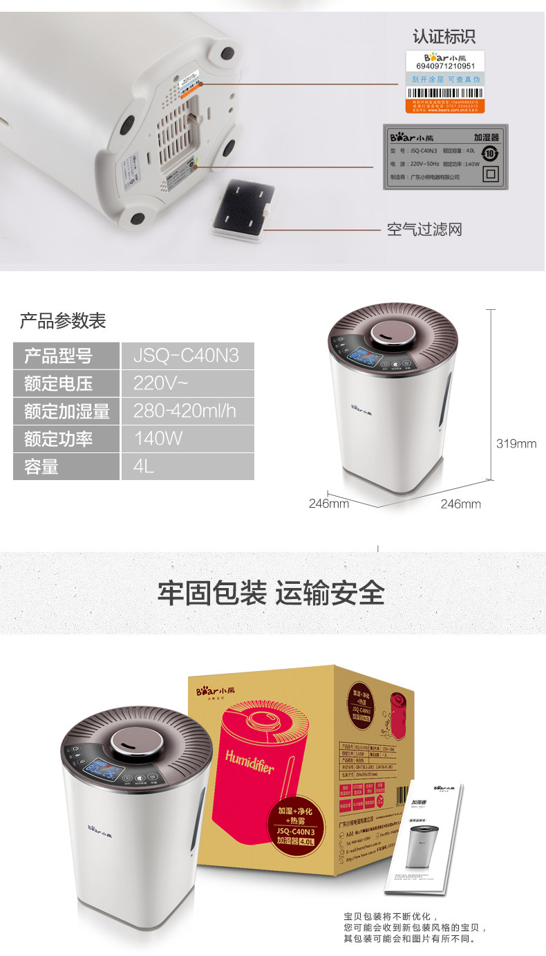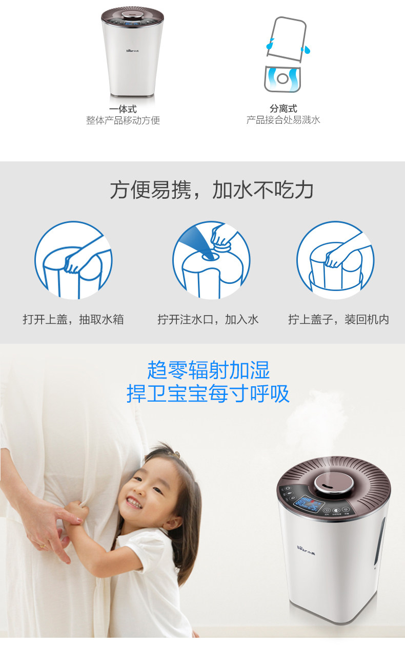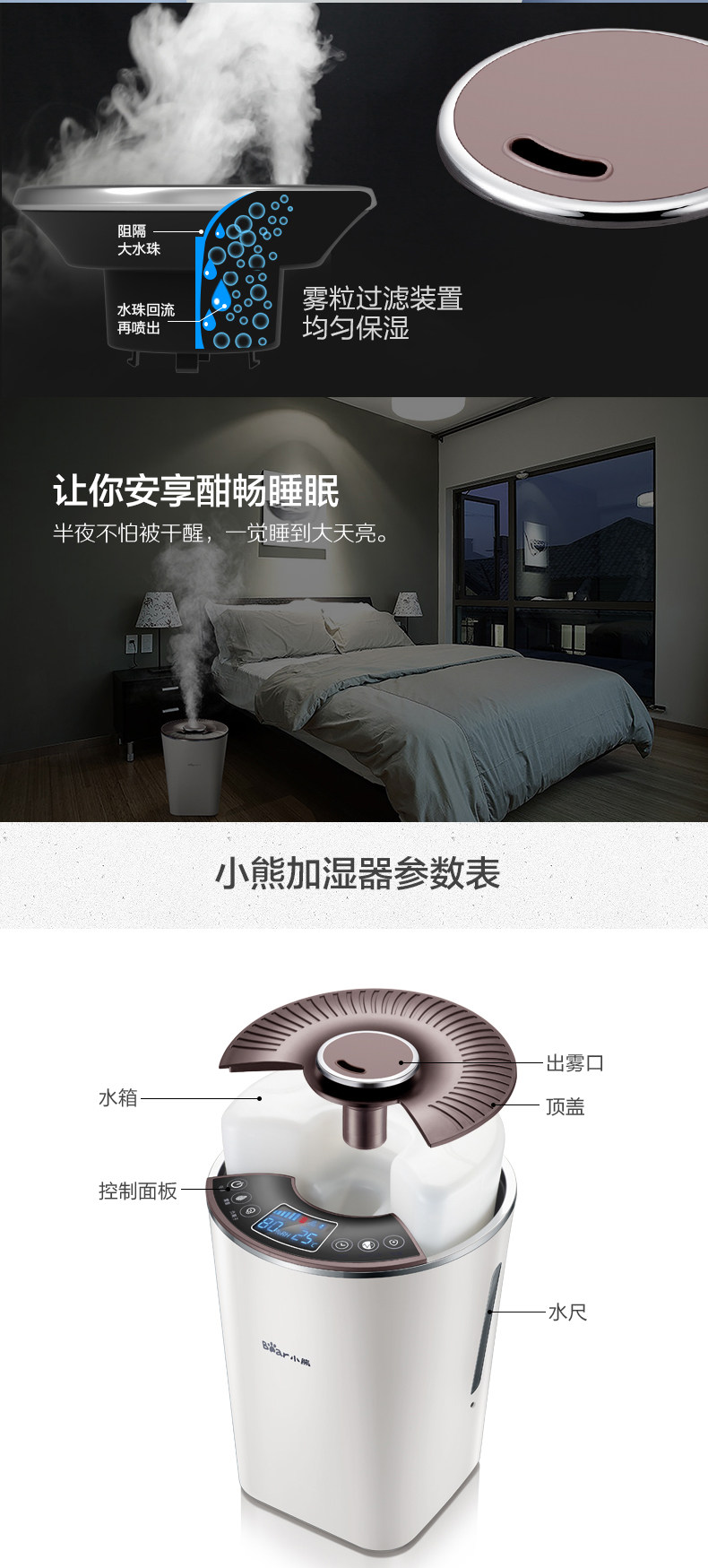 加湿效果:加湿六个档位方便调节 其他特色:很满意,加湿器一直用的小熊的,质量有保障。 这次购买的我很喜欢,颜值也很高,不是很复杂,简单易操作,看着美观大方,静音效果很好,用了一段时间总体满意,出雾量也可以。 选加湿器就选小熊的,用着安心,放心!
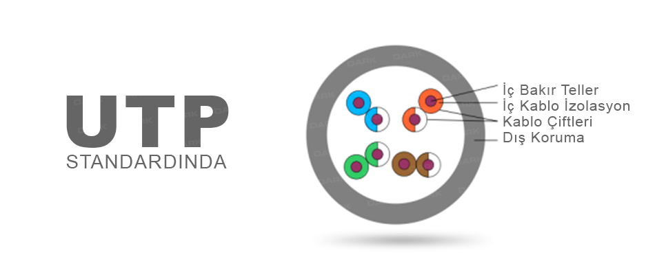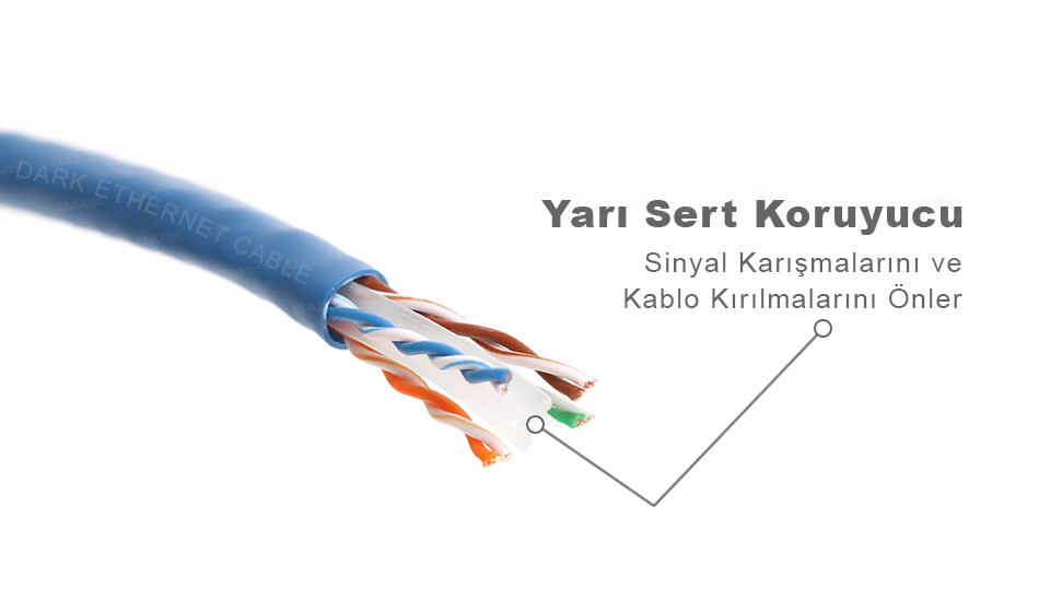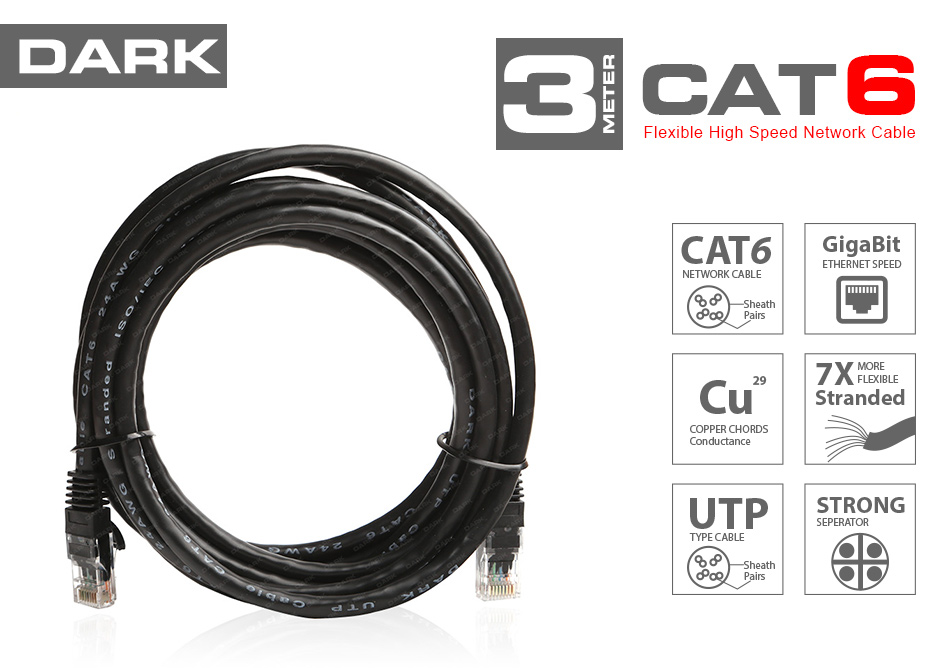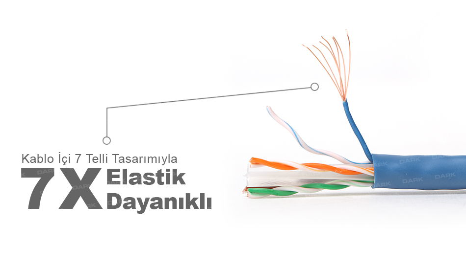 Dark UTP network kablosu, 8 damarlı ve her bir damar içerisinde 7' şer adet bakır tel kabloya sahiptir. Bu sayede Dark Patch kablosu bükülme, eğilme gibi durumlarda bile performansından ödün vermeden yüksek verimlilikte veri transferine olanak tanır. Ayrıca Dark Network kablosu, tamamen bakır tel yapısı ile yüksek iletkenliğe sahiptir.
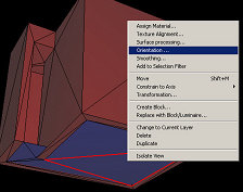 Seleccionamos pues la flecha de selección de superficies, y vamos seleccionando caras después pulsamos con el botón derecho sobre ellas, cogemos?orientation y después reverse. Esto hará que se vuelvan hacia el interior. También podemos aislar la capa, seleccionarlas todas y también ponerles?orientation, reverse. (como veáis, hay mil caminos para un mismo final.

- - - -

Repeat the listing word for word, omitting the pictures.

> [Response below]:
 加湿效果:加湿六个档位方便调节 其他特色:很满意,加湿器一直用的小熊的,质量有保障。 这次购买的我很喜欢,颜值也很高,不是很复杂,简单易操作,看着美观大方,静音效果很好,用了一段时间总体满意,出雾量也可以。 选加湿器就选小熊的,用着安心,放心!
 Dark UTP network kablosu, 8 damarlı ve her bir damar içerisinde 7' şer adet bakır tel kabloya sahiptir. Bu sayede Dark Patch kablosu bükülme, eğilme gibi durumlarda bile performansından ödün vermeden yüksek verimlilikte veri transferine olanak tanır. Ayrıca Dark Network kablosu, tamamen bakır tel yapısı ile yüksek iletkenliğe sahiptir.
 Seleccionamos pues la flecha de selección de superficies, y vamos seleccionando caras después pulsamos con el botón derecho sobre ellas, cogemos?orientation y después reverse. Esto hará que se vuelvan hacia el interior. También podemos aislar la capa, seleccionarlas todas y también ponerles?orientation, reverse. (como veáis, hay mil caminos para un mismo final.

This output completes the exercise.